Thursday, September 22, 2011

Wisdom


What is wisdom? We hear people tell us how wise we are when we give advice. Or what a wise decision fast food restaurants made by creating a dollar menu. But what is real wisdom? In our world today, people get confused between being smart, and being wise. There are many, many smart people in this world. But considerably less wise people. The dictionary on my word processor defines smart as “showing intelligence and mental alertness.” Wise, on the other hand is defined: “able to make sensible decisions and judgments on the basis of personal knowledge and experience. Sensible, learned and shrewd.”

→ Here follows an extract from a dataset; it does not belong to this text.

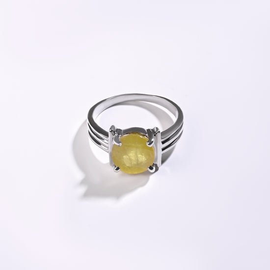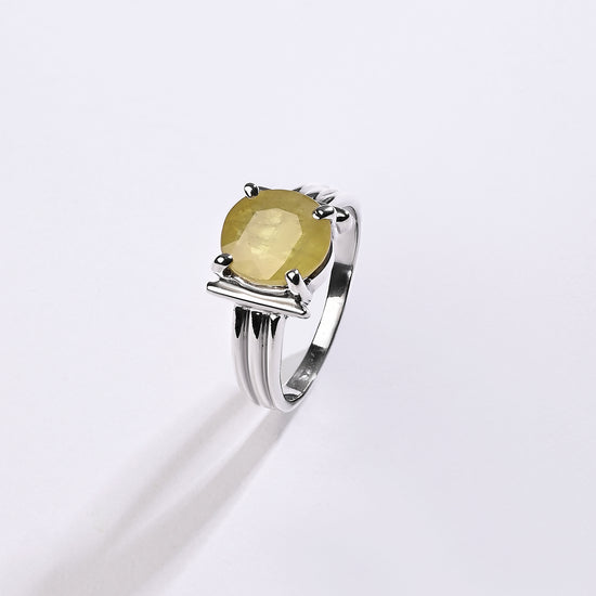 Radiating purity and brilliance, our yellow sapphire ring is set in 925 sterling silver. Known for its golden shimmer, this exquisite gemstone reflects light beautifully, creating a warm and radiant glow. Believed to attract prosperity and success, yellow sapphire is thoughtfully designed to touch your skin, enhancing its astrological energy. Celebrate the perfect blend of elegance and authenticity with a 100% genuine yellow sapphire.

Now, besides the fact that this definition is considerably longer and with larger words, what’s the difference? The difference: I can sit up straight in class, listen politely, study hard and earn a good grade. I can follow the rules of success, earn a large salary, support my family, and have a good life. Or, I can sit up straight in class, listen politely, study hard and earn a good grade. I can discern when I should purchase a large yacht, and when I should pay tithe. I can determine when my children need to hear the score of the Sunday football game, and when they need to hear the word of God. I can sit up straight in church, and instead of smiling politely, I can have a determined frown on my face, writing down what the preacher says and studying over it. Being smart is knowing what the world knows. Being smart is taking the world’s words and teachings, and learning them. Being wise is knowing what God knows. Taking His words, and His teachings, and learning of Him. Anyone can be smart. Anyone can be wise. You just have to choose which one to be.